The Treatment of Viral Diseases
Comprehensive news from different sources is said to have worked with drugs such as Kaletra, Tamiflu, and interferon. On the other hand, the effectiveness of the RAM receiver is also being verified. Their names are somewhat unfamiliar. It’s often because they’re the same “antiviral,” rather than the antibiotics we use for bacterial infections.
Kaletra, originally used to treat AIDS, is a combination of lopinavir and ritonavir. Tamiflu (oseltamivir) is a well-known influenza (flu) drug known to us, and interferon is a biological immune protein that is also used as an anticancer drug. Remdesivir is a drug used to treat Ebola and Marburg virus infections.
How did doctors think of these drugs for the first outbreak of new coronavirus infection? Even now, the experiences we have experienced during the MERS affair (2015) that is vivid in our memory would have been important. MERS Incident used the 2003 SARS as a teacher. SARS and MERS are both caused by the corona virus and appear to be the first to introduce antiviral drugs that have been effective during the MERS outbreak.

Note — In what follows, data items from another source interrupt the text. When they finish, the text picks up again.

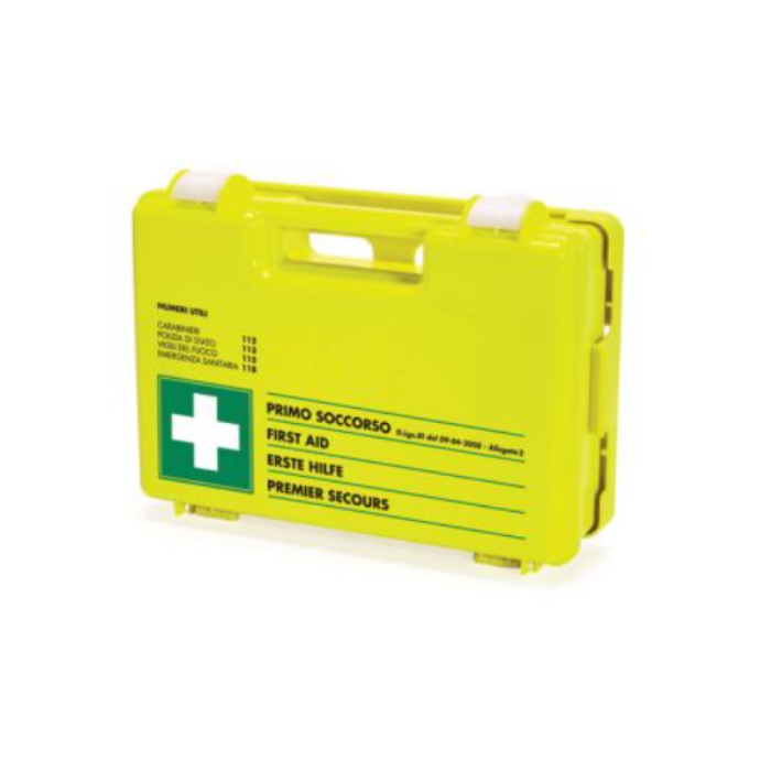 Descrizione: Valigetta Pharma[+]fluo realizzata in abs, facilmente individuabile all’interno delle attività lavorative grazie al colore giallo fluorescente e indispensabile all’esterno per le attività connesse all’edilizia e alla manutenzione stradale dove la mancanza di luce solare nelle ore pomeridiane o la presenza di nebbia e foschia potrebbero impedirne la facile individuazione.I principali numeri telefonici di emergenza serigrafati sul coperchio permettono al lavoratore di intervenire in caso di necessità in maniera tempestiva.
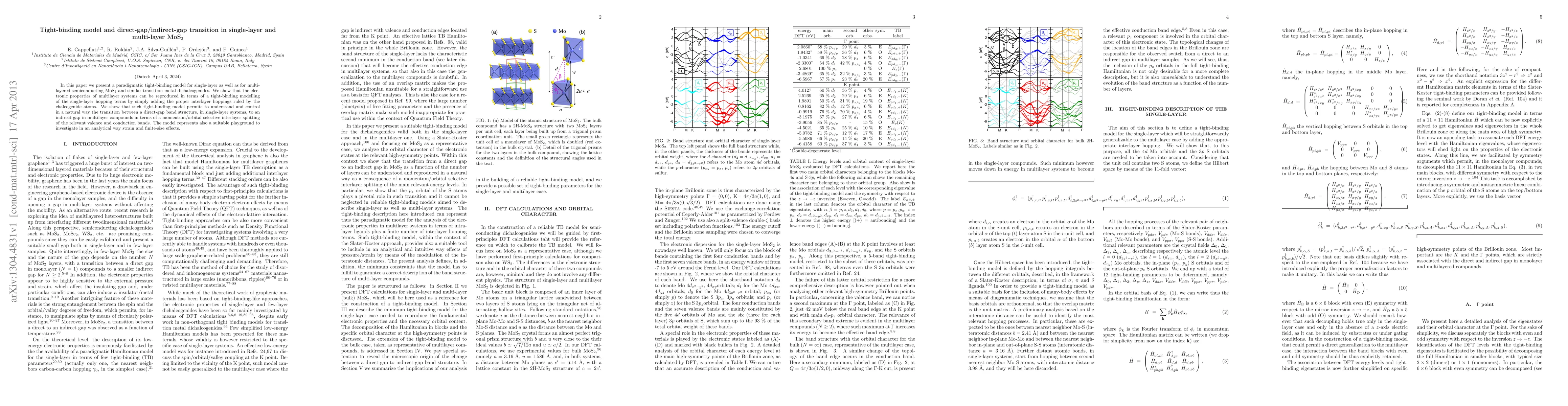 This paper develops a tight-binding model for single-layer and multi-layer MoS$_2$ that explains the transition from direct-gap to indirect-gap behavior with interlayer hopping terms. The model effectively captures strain and finite-size effects in transition metal dichalcogenides.
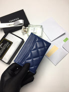 CC CARD HOLDER 11.2 NAVY CALFSKIN SILVER ICON
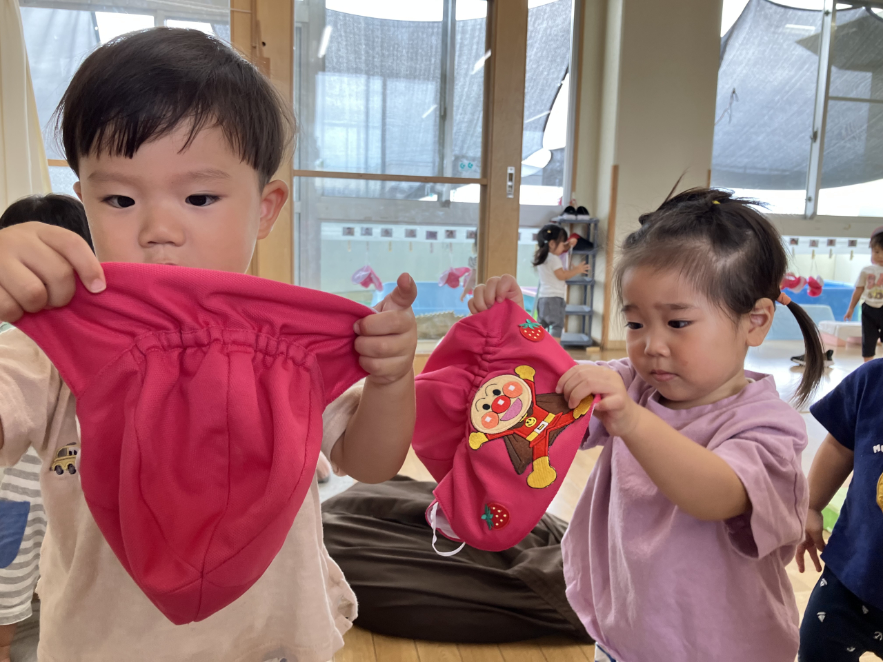 おやつを食べ終わるとすぐに帽子を取りにいき外へ行きたいと準備を始めるもも組さん
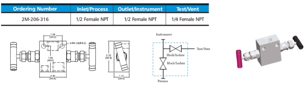 Manifolds valve: 2M-206-316 - Hikelok
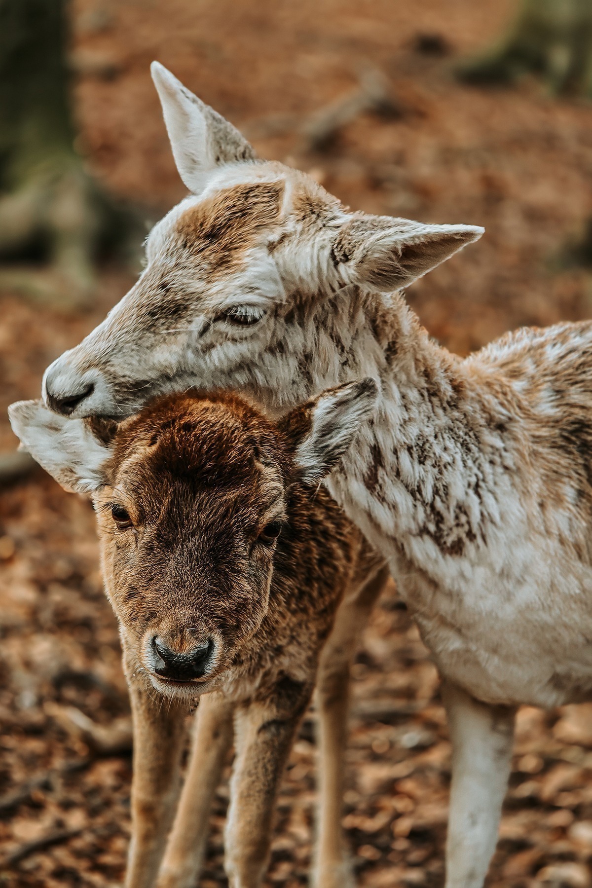 Wie ihr hier sehen könnt, sieht das Fell vom Damwild schon ein bisschen wie ein alter Teppich aus – das liegt vor allem am Fellwechsel. An manchen Stellen hat es bereits das alte Haarkleid geschmissen wie ein schlampiger Friseur, während an anderen noch das unverhoffte „Vorher“-Bild zurückbleibt. Dieser aktionreiche Prozess passiert zweimal im Jahr. Während des Fellwechsels wird das alte Fell abgestoßen, um Platz für das neue, dichtere und kuscheligere Sommerfell zu schaffen, das dem Damwild dann hilft, cooler auszusehen und gleichzeitig den Winter bei kühleren Temperaturen als stylisches Model zu meistern. Trotz seines momentanen „Ich-habe-nicht-geschlafen“-Looks ist dieser Prozess ein Zeichen für die Gesundheit und die Lebensfreude des Damwilds – das ist Natur und Mode in einem!
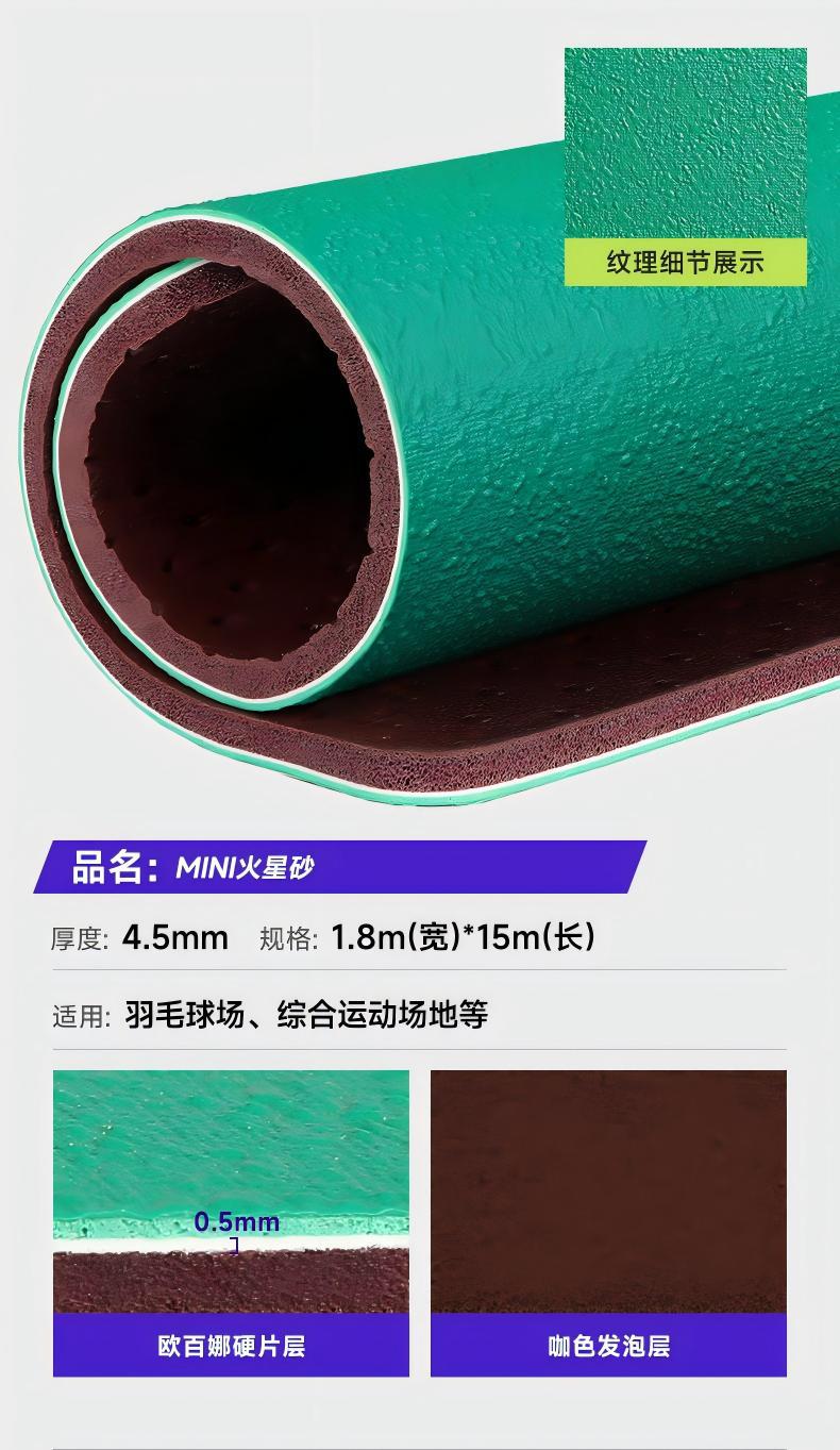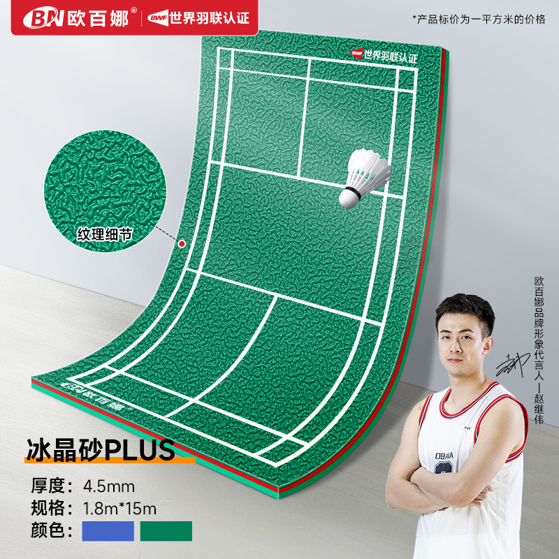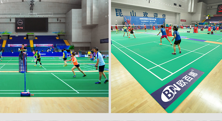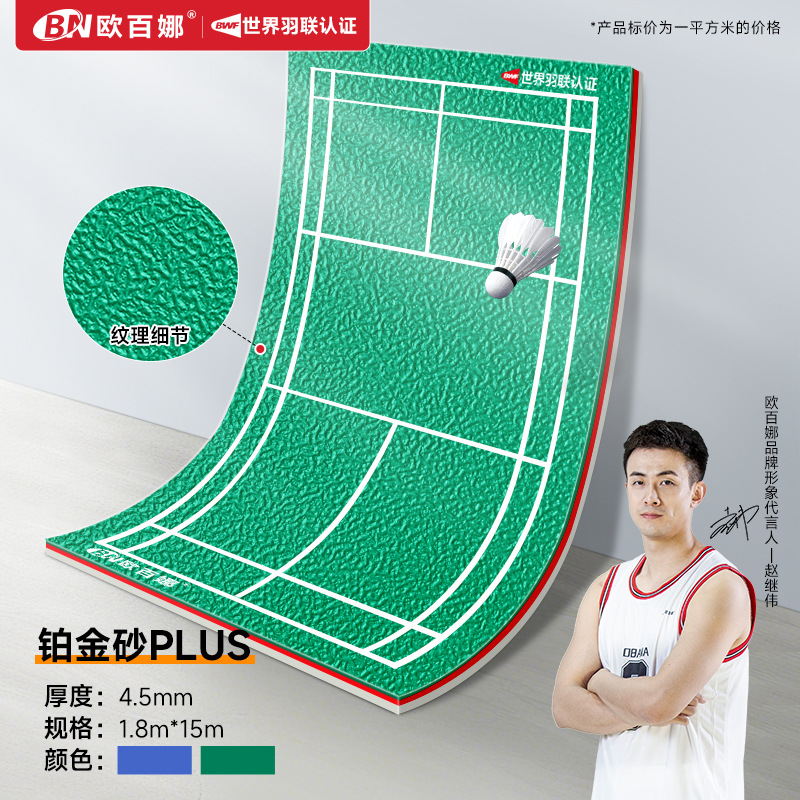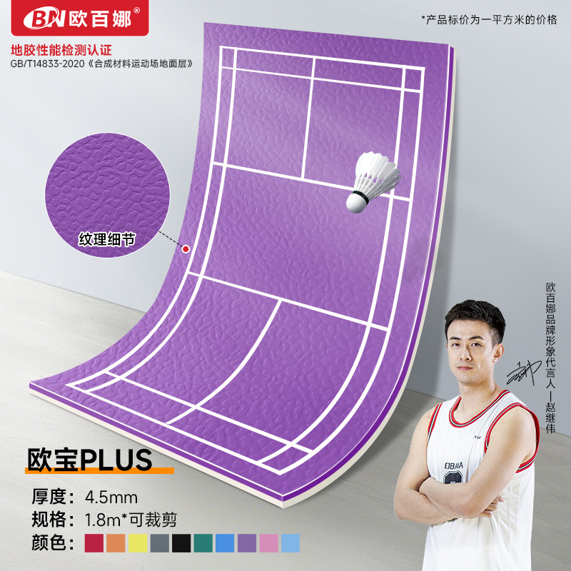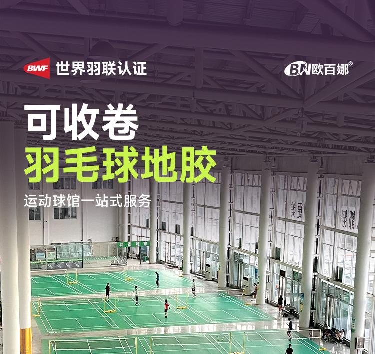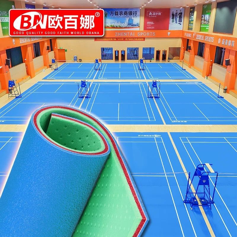 欧百娜羽毛球地胶室内专用可收卷pvc塑胶运动地板匹克球场地胶垫
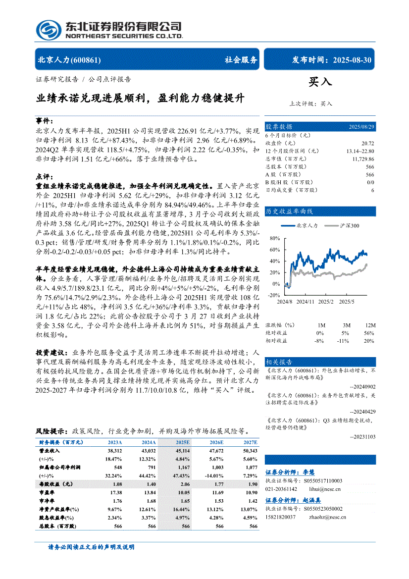 北京人力:东北证券-北京人力-600861-业绩承诺兑现进展顺利,盈利能力稳健提升-250830

At the end of the 20th century, there were few antiviral drugs that doctors could prescribe in hospitals. At most, acyclovir was used for patients with herpes encephalitis or shingles. But over the generations, various antiviral drugs have emerged. It is now common sense to prescribe Tamiflu to the flu (influenza), which even says there is no medicine. Viral hepatitis, which plagued Koreans, is also treated with antiviral drugs.
To date, about 90 drugs have been approved as antiviral drugs. This does not mean that 90 viral diseases can be cured. So far, there are medicines that can only be used for nine viruses. The virus is herpesvirus (HSV), human immunodeficiency virus type 1 (HIV-1), cytomegalovirus (CMV), influenza virus, hepatitis B virus (HBV), hepatitis C virus (HCV), chickenpox- Herpes zoster virus (varicella-zoster virus), respiratory syncytial virus (RSV), human papilloma virus (HPV).
As a result, there is no drug for rhinoviruses, which causes the most common cold among viral diseases. More than 200 viruses are known to cause illness in humans, but they are still in short supply.
Antibacterial to attack bacteria first appeared in 1910, and since the 1940’s has been poured out. Since World War II, the drugs we call antibiotics have poured out innumerablely. Scholars studying microbiology and infectious diseases can be divided into pre- and post-antibiotic periods before and after this period.
But the history of antiviral drugs is far behind. The first antiviral drug was idoxuridine, which appeared in 1961. The drug was developed as an anticancer drug in the 1950s and then changed to a drug for the treatment of herpes eye disease.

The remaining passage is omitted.